Ну, вот, за первой ясностью сразу является другая. Нужно ехать к Ирине. Слава Богу. Это уже похоже на решение. Нужно ехать немедленно, сейчас же.
Я тяну на себя телефон, набираю номер и, услышав ее голос, тут же кладу трубку. Она дома.
— Сейчас я еду к Ирине. — Две головы напротив меня вскидываются и две пары глаз сжимают меня в клещи. — А послезавтра мы с Володей улетаем в Урюпинск.
— Какой Урюпинск! — удивляется дьяк.
Я смотрю на Женьку, он молчит, кусает губы. Дьяк моргает. Мое решение ни тому, ни другому не приносит удовлетворения. У задачки, которую подкинула мне жизнь, нет такого решения, чтобы все разделилось без остатка. По крайней мере, не в моих силах справиться со всеми неизвестными величинами. И тут, инстинктом эгоиста, я надеюсь на Ирину. Я для того и еду к ней. Инстинктом слабого я надеюсь, что Ирина сумеет поставить необходимую точку. Это подло, я понимаю, но я поеду к Ирине!
— Вы, — это я дьяку, — ждете меня. Отцу скажете, что буду поздно.
Женьке кричу: «Поехали!» и тут же направляюсь из комнаты. Хлопаю себя по карманам, возвращаюсь, хватаю из стола деньги и уже на лестнице нагоняю Женьку.
— Только ты уволь, — говорит Женька. — К Ирине я с тобой не поеду. Я же дал ей честное слово!
— Успокойся, тебе и не нужно ехать к ней.
Последнее время я Москву вижу чаще всего в сумерки. И вообще, впечатление такое, будто я все время в движении в каком-то полупустом пространстве, где в разных точках пребывают разные мои интересы и заботы. Я мотаюсь между ними, пытаюсь связать их между собой, но пальцев на руках не хватает, чтобы удержать все нити. Я вижусь себе тем чудаком, который слезал с неба на землю по короткой веревочке, и когда веревка кончалась, он сверху срезал и надставлял снизу.
— Ну, хорошо, — говорит Женька в такси, — ты уедешь, а как будет с книжкой?
— Женюсь и приеду вместе с женой. Может быть, за неделю управлюсь. Дело ведь не горит?
— Время есть, — как-то неуверенно отвечает Женька. — Если передумаешь, продашь работу мне, я закончу. О цене договоримся.
Деловой человек! И я к нему расположен.
— Смотри, как у меня закрутилось все, — говорю ему. — Ведь не подлец же я. А вся ситуация — подлая до отвращения!

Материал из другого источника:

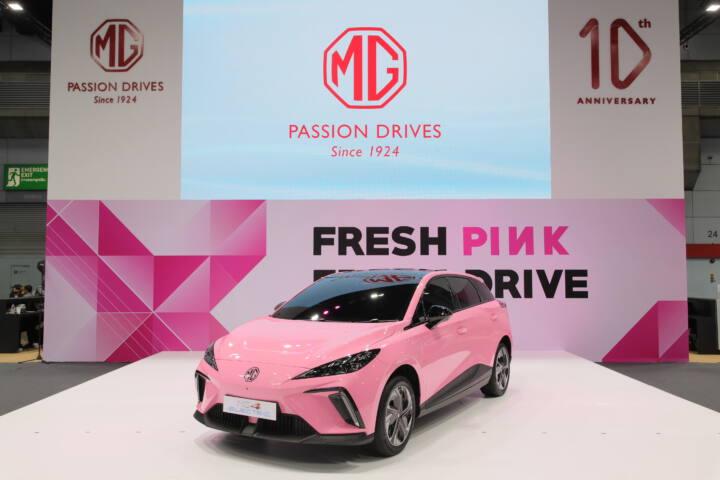 อีกหนึ่งไฮไลท์จากการออกแบบรถไฟฟ้าโดย AI ในช่วงที่ “สีชมพู ฟีเวอร์” นำมาสร้างเป็นคอนเทนต์ NEW MG4 ELECTRIC สีชมพูบนโลกโซเชียล ซึ่งได้รับความสนใจจากแฟนเพจเป็นอย่างมาก จากเรื่องราวในออนไลน์ กลายเป็นไอเดียนำไปสู่รถคันจริงด้วยคอนเซ็ปต์ “FROM AI TO REALITY” โดยการนำเอา NEW MG4 ELECTRIC มาแรพด้วยสติ๊กเกอร์สี FRESH PINK ทั้งคัน พร้อมเปิดรับจองให้เป็นเจ้าของเพียง 8 คัน ในงาน BIG MOTOR SALE 2023 เท่านั้น เพื่อเป็นของขวัญให้กับแฟนๆ เอ็มจี”
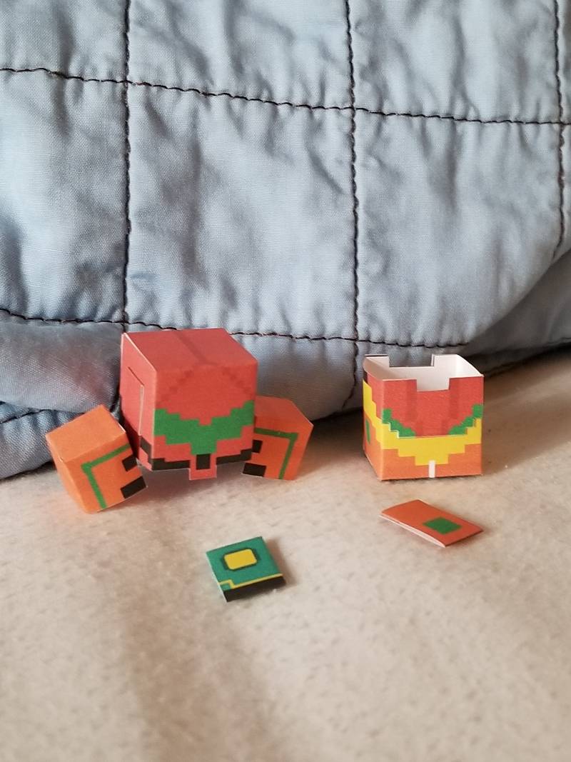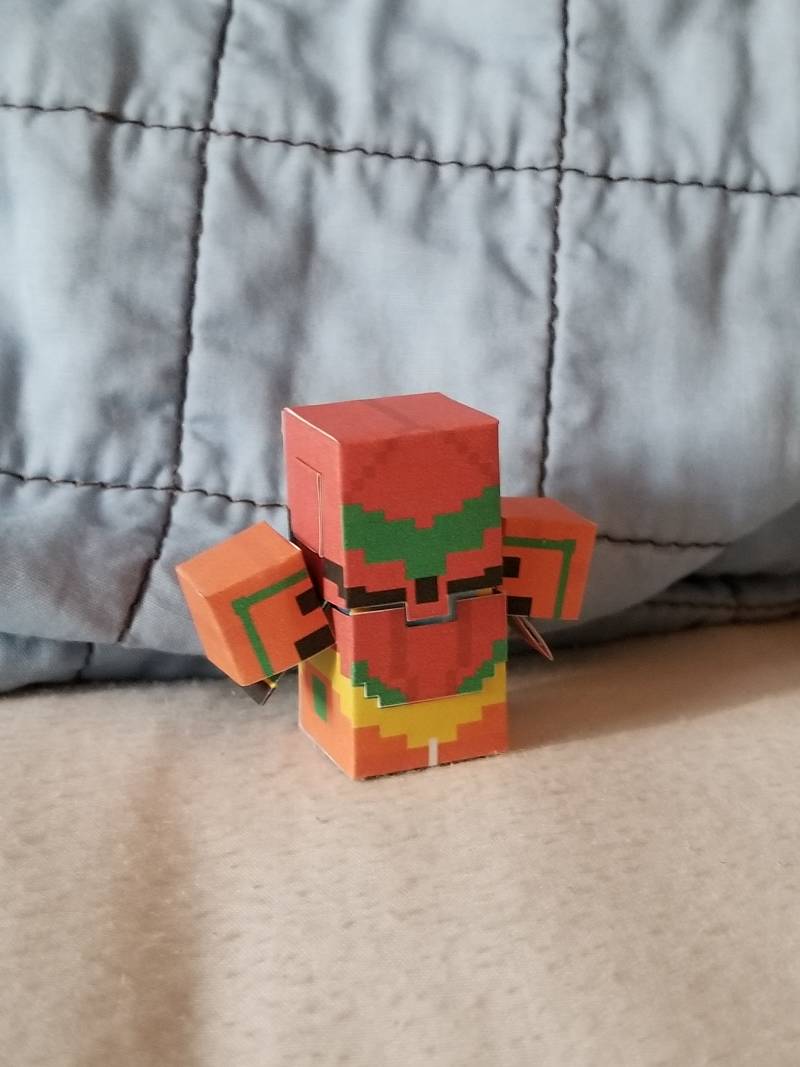 Jeez, been a while since I've been here.. Anyway, heres a design I did in pretty much a day. The Varia Suit is the iconic armor used by Samus Aran in the Metroid series. First appearing with it's bulky shoulder pad design in Metroid II: Return of Samus, it's been in all Metroid games in this design, minus the original Metroid and Metroid Fusion, Samus Aran herself is the main character of the series, being a bounty hunter that's taken down the Space Pirates and their leader Mother Brain, along with exterminating all Metroids and ridding the universe of Phazon. I used the Heavy Diamond Armor as a base for it, and then made a Mini Samus to wear it. Also did a seperate page for both if you only want just one of them. NOTE: To attach the shoulder pads, glue the tabs onto the inside of the helmet. Credits go to lucioloco for the Heavy Diamond Armor design. Here's the link to the skin I used for Samus: https://www.planetminecraft.com/skin/zero-suit-samus/
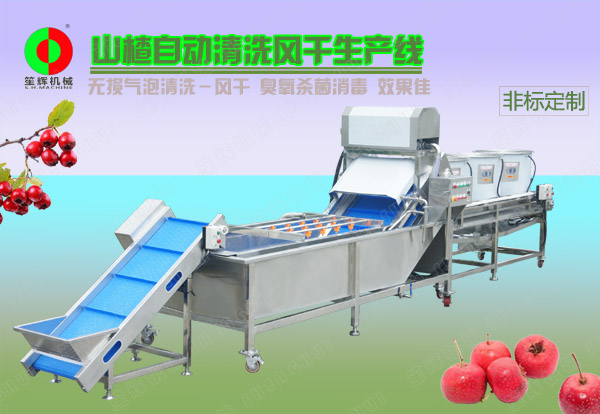 山楂清洗風干生產線,主要由提升機、內置網鏈氣泡清洗機、輸送風干機非標定制組合成實用的流水線,半全自動化生產過程,只需通過少量工人將山楂果放到提升機上,生產線則可以帶來每小時約1噸以上的產能,節省大量人力勞作,提高生產效率。

— Сказать тебе, — бурчит Женька, — так ведь обидишься.
— Говори. Лучше от тебя услышать, чем от дьяка.
— Самые вредные на земле люди, — ворчит Женька, — это те, которые не знают, чего хотят. Они всюду суют нос, во всякое чужое дело, чужую игру, все путают и сами запутываются.
— Понятно. Спасибо.
— Вот, спасибо сказал. И весь ты такой плюшевый. Твоя сестричка-диссидентка — предпочтительней. Ее просто взяли и посадили. А ты законом не предусмотрен.
Я обижаюсь за Люську. Все-таки он хам.
— Ты, может быть, на ее месте заскользил бы угрем.
— На ее месте? — хмыкает Женька. — Я на ее месте оказаться не могу. А вот на месте тех, кто их в лагеря запихивает, даже хотел бы.
— Трепач ты, Женька!
— Ничуть. Я тебе сочувствую, но сестру твою мне не жаль. Чересчур шаловливых детей бьют по рукам. А диссиденты твои расшалились без меры… Умники эти евреи, которые там в лидерах, они допрыгаются до погромов!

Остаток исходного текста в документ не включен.